Ore smiled again. "Yes, I knew you could do nothing. But I enjoyed watching you trying to figure out something."
He looked at the Horn strapped around her shoulder.
"I've finally got it. I can get out of here now."
He pressed the trigger, and Anana fell back against the railing. Kickaha's senses were by then almost full recovered, though he felt weak. But if Ore got within reach of his hands ...
The Lord wasn't going to do that. He stepped back, said something, and two robots came through the doorway. At first glance they looked like living human beings. But the dead eyes and the movements, not as graceful as beings of animal origin, showed that metal or plastic lay beneath the seeming skin. One removed Kickaha's knife and threw it over the balcony railing. The other unstrapped the multiuse device from Anana's wrist. Both got hold of the ankles of the two and dragged them inside. To one side stood a large hemisphere of thick criss-crossed wires on a platform with six wheels. The robot picked up Anana and shoved her through a small doorway in the cage. The second did the same to Kickaha. The door was shut, and the two were captives inside what looked like a huge mousetrap.
Ore bent down and reached under the cage. When he straightened up, he said, "I've just turned on the voltage. Don't touch the wires. You won't be killed, but you'll be knocked out."
He told the humanoid robots and the cage to follow him. Carrying the Horn which he had removed from Anana's shoulder, he strode through the room toward a high-ceilinged wide corridor.
Kickaha crawled to Anana. "Are you okay?"
"I'll be in a minute," she said. "I don't have much strength just now. And I got a headache."
"Me, too," he said. "Well, at least we're inside."
"Never say die, eh? Sometimes your optimism ... well, never mind. What do you suppose happened to the man who let Ore in?"
"If he's still alive, he's regretting his kind deed. He can't be a Lord. If he was, he'd not have let himself be taken."
Kickaha called out to Ore, asking him who the stranger was. Ore didn't reply. He stopped at the end of the corridor, which branched off into two others. He said something in a low voice to the wall, a codeword, and a section of wall moved back a little and then slid inside a hollow. Revealed was a room about twenty feet by twenty feet, an elevator.

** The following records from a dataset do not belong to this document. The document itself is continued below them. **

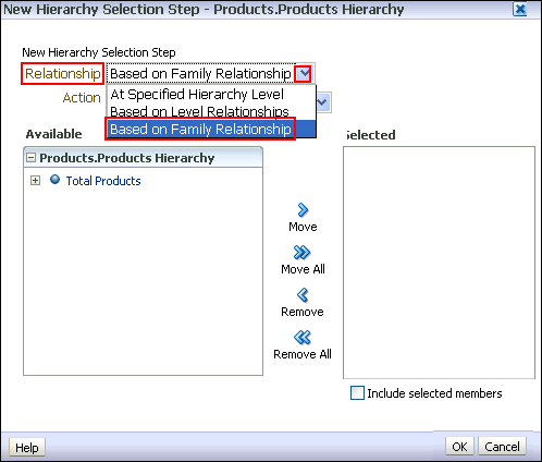 | 6 . | The New Hierarchy Selection step dialog box appears. ![]() Select “Based on Family Relationship” from the Relationship drop-down list. |
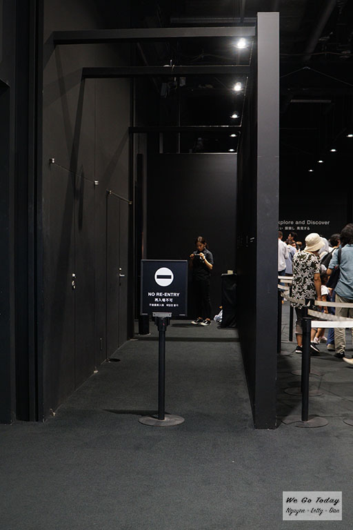 Ngoài lượt xếp hàng bên ngoài bảo tàng thì bên trong có 2 khu mini show nhỏ, phải xếp hàng khá lâu. Mình chỉ xếp hàng vào mỗi show Floating Nest thôi. Chờ khoảng 1 tiếng, và show diễn ra trong 5 phút. Tiếc là show này mình quên không chụp hình. Nhưng đại loại là vào bên trong, mọi người sẽ nằm lên 1 tấm lưới đan bằng dây thừng khổng lồ, và xem video chiếu trên mái vòm, rất bắt mắt và cuốn hút, vậy nên mình quên luôn cả chuyện chụp hình.
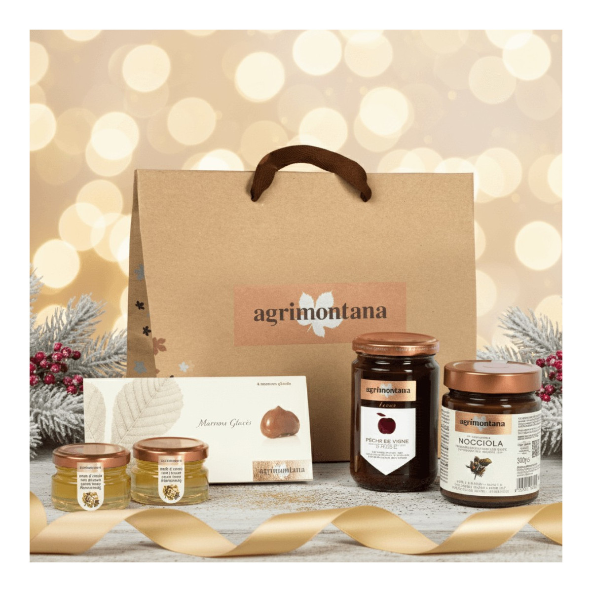 Il perfetto equilibrio tra formato compatto e grande qualità. Marrons glacés artigianali, confettura di pesche senza conservanti, doppio miele di acacia e crema di nocciole piemontesi si uniscono in una confezione elegante che racchiude cinquant'anni di tradizione Agrimontana. Un regalo aziendale che sa conquistare con autenticità e raffinatezza.
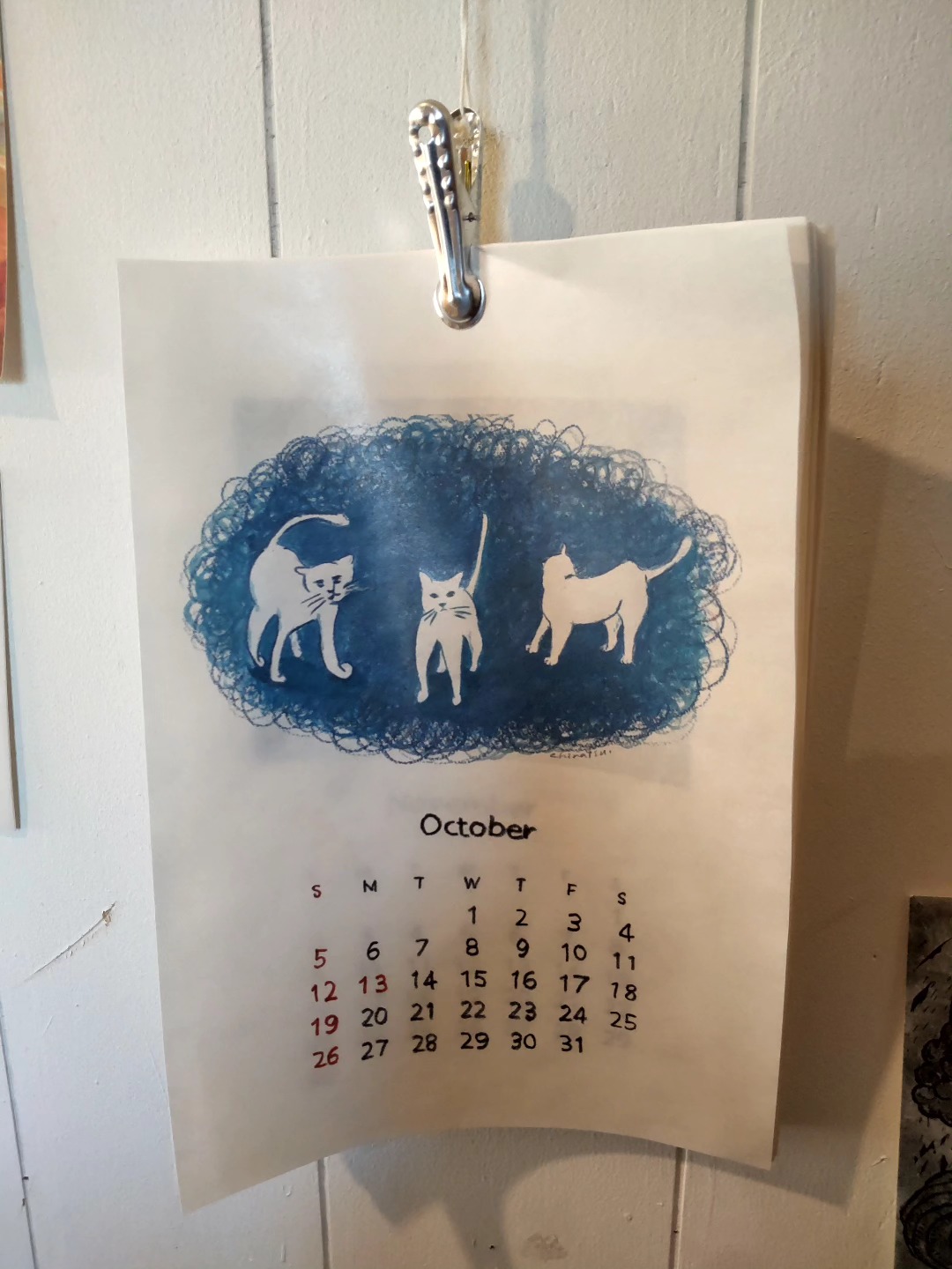 答えを明かすのをもったいぶりすぎて11月になってました。10月も白猫ちゃんです。三匹なわけではなく同じねこちゃんの三ポーズでしょうか。あるいは二匹+どちらかの別ポーズ?私には謎めいた絵です。

Ore pressed a button on a panel. The elevator shot swiftly upward. When it stopped, the lighted symbol showed that it was on the fortieth floor. Ore pressed two more buttons and took hold of a small lever. The elevator moved out into a very wide corridor and glided down it. Ore turned the lever, the elevator swiveled around a corner and went down another corridor for about two hundred feet. It stopped, its open front against a door.
Ore removed a little black book from a pocket, opened it, consulted a page, said something that sounded like gibberish, and the door opened. He replaced the book and stood to one side as the cage rolled into a large room. It stopped in the exact center.
Ore spoke some more gibberish. Mechanisms mounted on the walls at a height of ten feet from the floor extended metal arms. At the end of each was a beamer. There were two on each wall, and all pointed at the cage. Above the weapons were small round screens. Undoubtedly, video eyes.
Ore said, "I've heard you boast that there isn't a prison or a trap that can hold you, Kickaha. I don't think you'll ever make that boast again."